• [SOURCE DATA]:
- - - - -
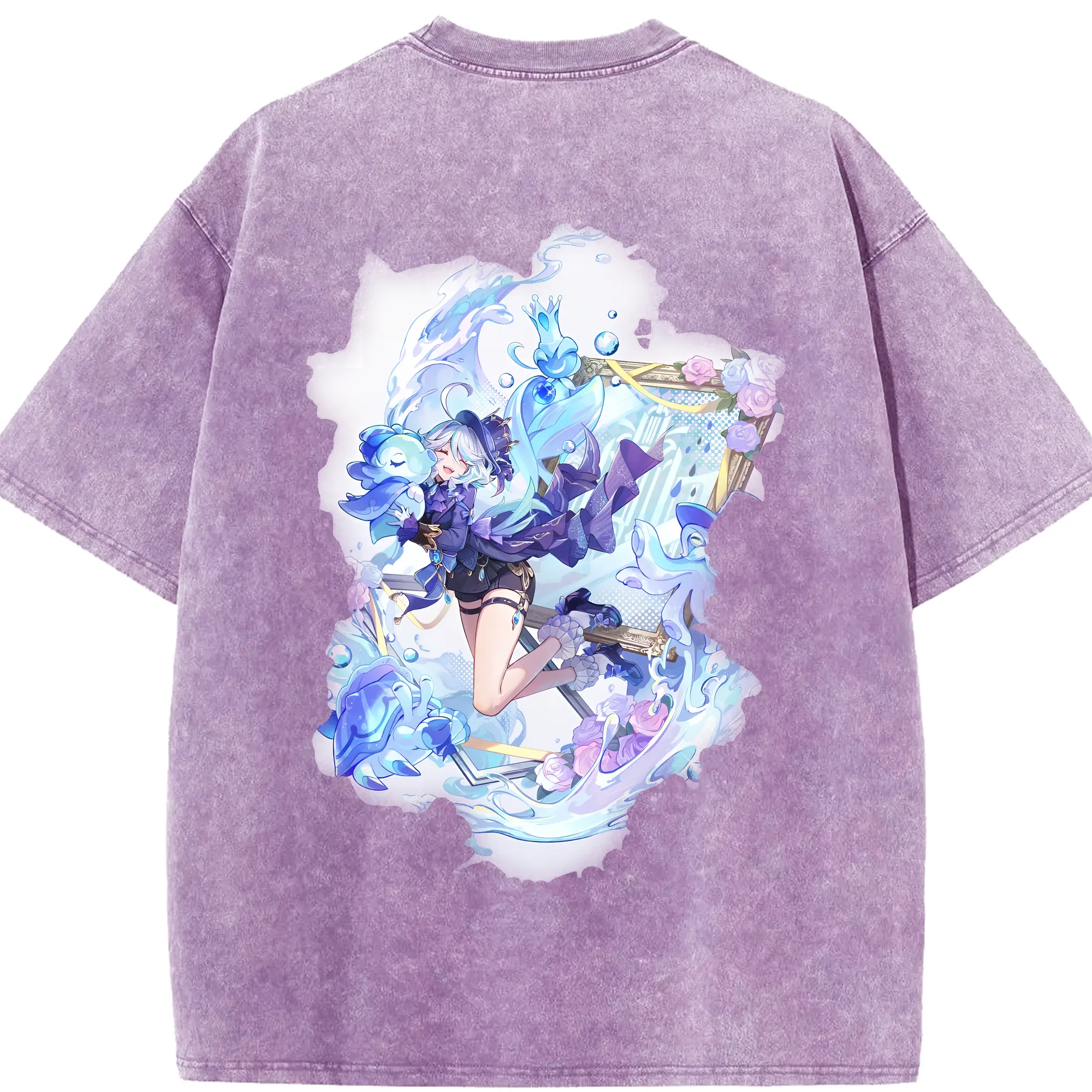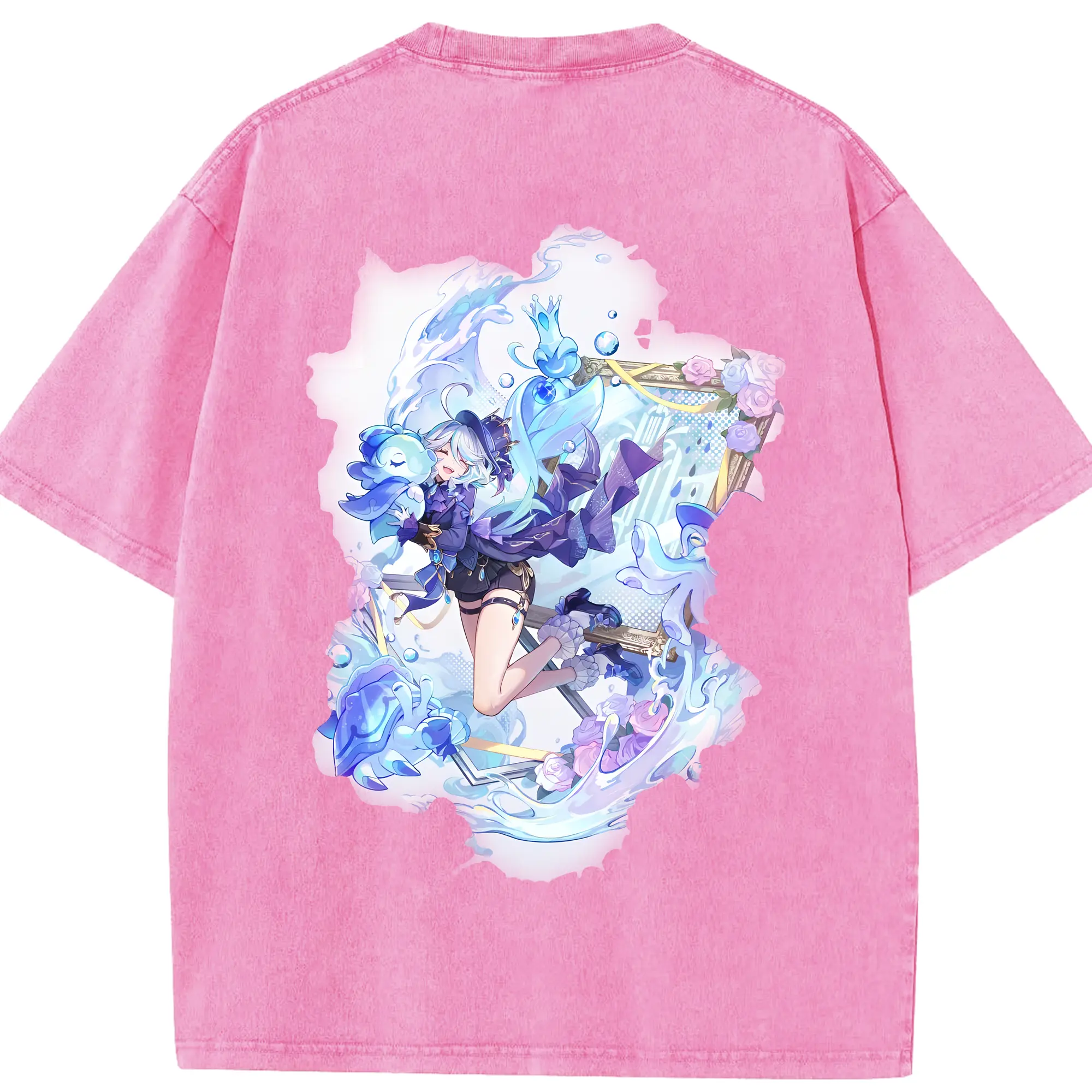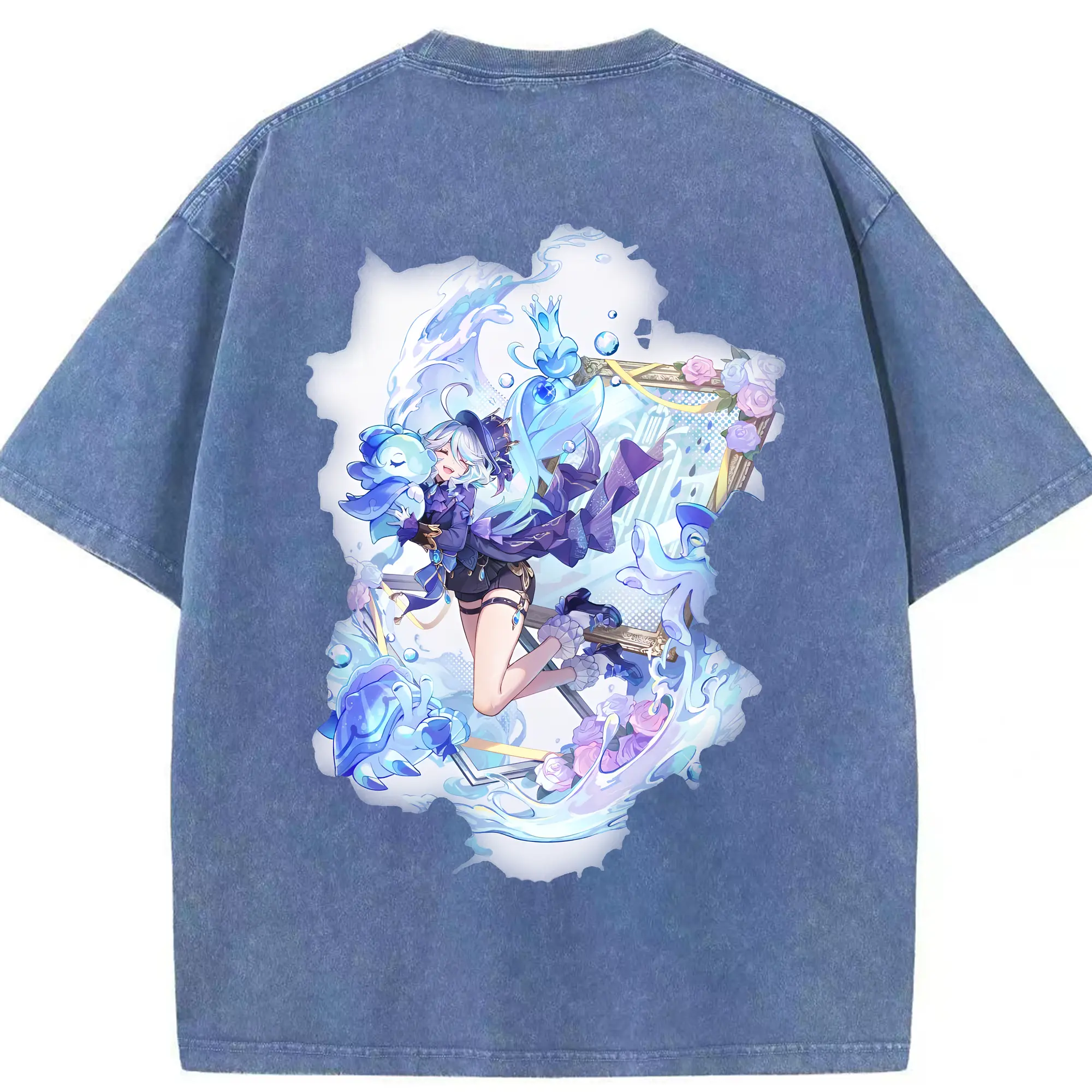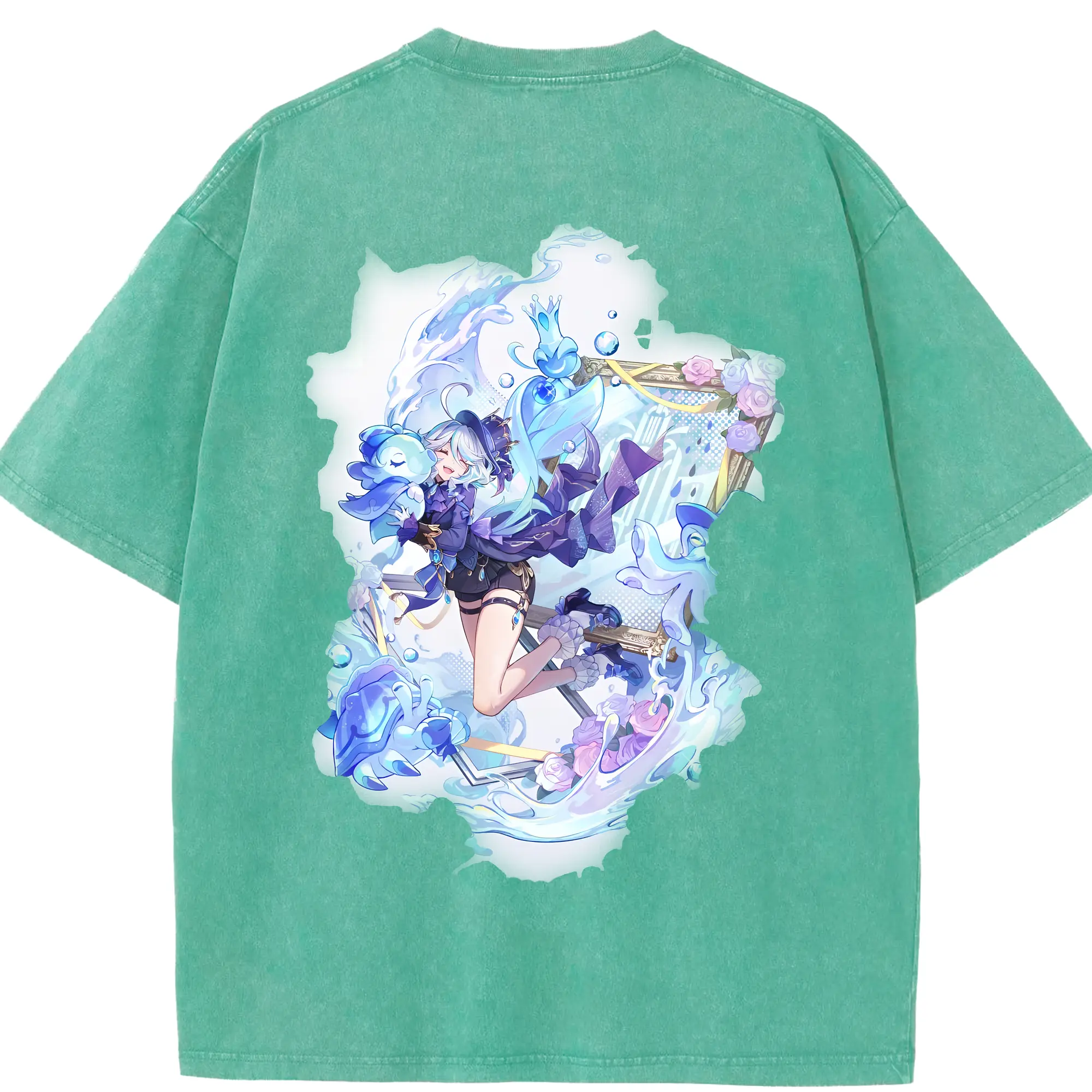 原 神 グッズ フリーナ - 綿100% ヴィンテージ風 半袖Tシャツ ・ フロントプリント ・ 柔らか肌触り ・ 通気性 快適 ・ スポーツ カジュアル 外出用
- - - - -
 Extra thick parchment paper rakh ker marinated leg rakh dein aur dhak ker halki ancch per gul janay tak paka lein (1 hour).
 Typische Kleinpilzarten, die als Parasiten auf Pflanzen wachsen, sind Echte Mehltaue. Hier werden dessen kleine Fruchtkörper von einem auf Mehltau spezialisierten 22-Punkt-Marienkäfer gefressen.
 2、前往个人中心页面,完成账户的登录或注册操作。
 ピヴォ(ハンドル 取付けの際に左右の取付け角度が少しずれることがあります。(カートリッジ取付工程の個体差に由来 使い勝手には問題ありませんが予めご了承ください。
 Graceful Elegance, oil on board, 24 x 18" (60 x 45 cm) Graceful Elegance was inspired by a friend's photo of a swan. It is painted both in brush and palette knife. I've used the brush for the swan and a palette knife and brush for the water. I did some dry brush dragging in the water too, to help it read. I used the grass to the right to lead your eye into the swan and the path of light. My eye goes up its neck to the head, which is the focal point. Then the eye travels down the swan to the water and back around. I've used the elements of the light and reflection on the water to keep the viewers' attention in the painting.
- - - - -
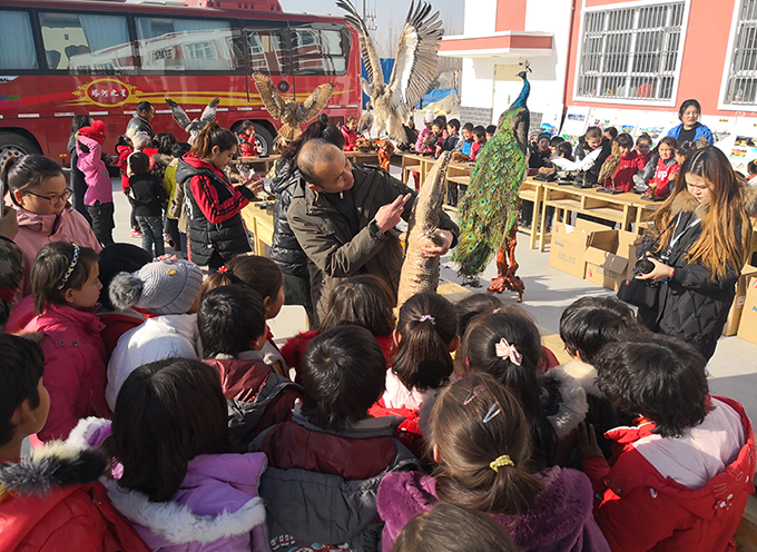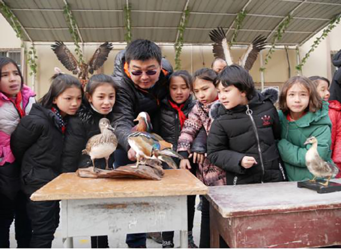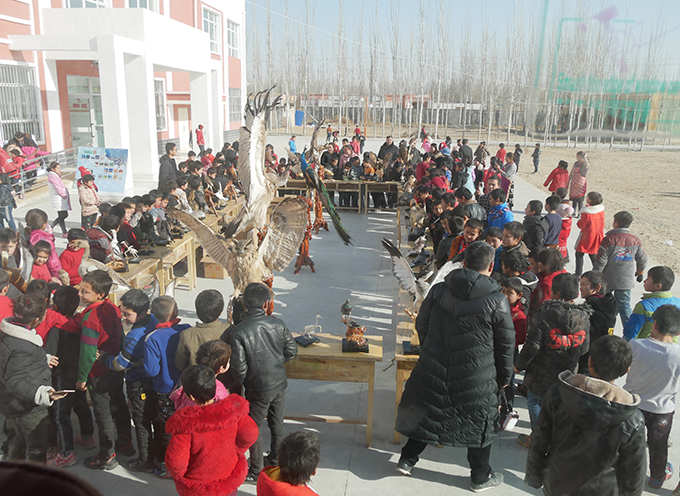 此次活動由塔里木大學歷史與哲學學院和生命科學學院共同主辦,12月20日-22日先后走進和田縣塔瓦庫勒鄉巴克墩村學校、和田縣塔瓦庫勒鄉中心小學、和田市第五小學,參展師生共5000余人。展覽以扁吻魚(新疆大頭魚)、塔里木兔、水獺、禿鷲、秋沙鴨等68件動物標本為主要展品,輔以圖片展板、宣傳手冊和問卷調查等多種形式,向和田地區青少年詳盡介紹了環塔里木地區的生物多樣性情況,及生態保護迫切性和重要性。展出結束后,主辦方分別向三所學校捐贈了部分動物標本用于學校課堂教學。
- - - - -
• [PROBLEM REQUIREMENTS]: Print the lines above from the one with "Extra thick parchment" through the one with "Graceful Elegance, oil", both included, exactly as written and nothing more.

• [TASK ANSWER]:
 Extra thick parchment paper rakh ker marinated leg rakh dein aur dhak ker halki ancch per gul janay tak paka lein (1 hour).
 Typische Kleinpilzarten, die als Parasiten auf Pflanzen wachsen, sind Echte Mehltaue. Hier werden dessen kleine Fruchtkörper von einem auf Mehltau spezialisierten 22-Punkt-Marienkäfer gefressen.
 2、前往个人中心页面,完成账户的登录或注册操作。
 ピヴォ(ハンドル 取付けの際に左右の取付け角度が少しずれることがあります。(カートリッジ取付工程の個体差に由来 使い勝手には問題ありませんが予めご了承ください。
 Graceful Elegance, oil on board, 24 x 18" (60 x 45 cm) Graceful Elegance was inspired by a friend's photo of a swan. It is painted both in brush and palette knife. I've used the brush for the swan and a palette knife and brush for the water. I did some dry brush dragging in the water too, to help it read. I used the grass to the right to lead your eye into the swan and the path of light. My eye goes up its neck to the head, which is the focal point. Then the eye travels down the swan to the water and back around. I've used the elements of the light and reflection on the water to keep the viewers' attention in the painting.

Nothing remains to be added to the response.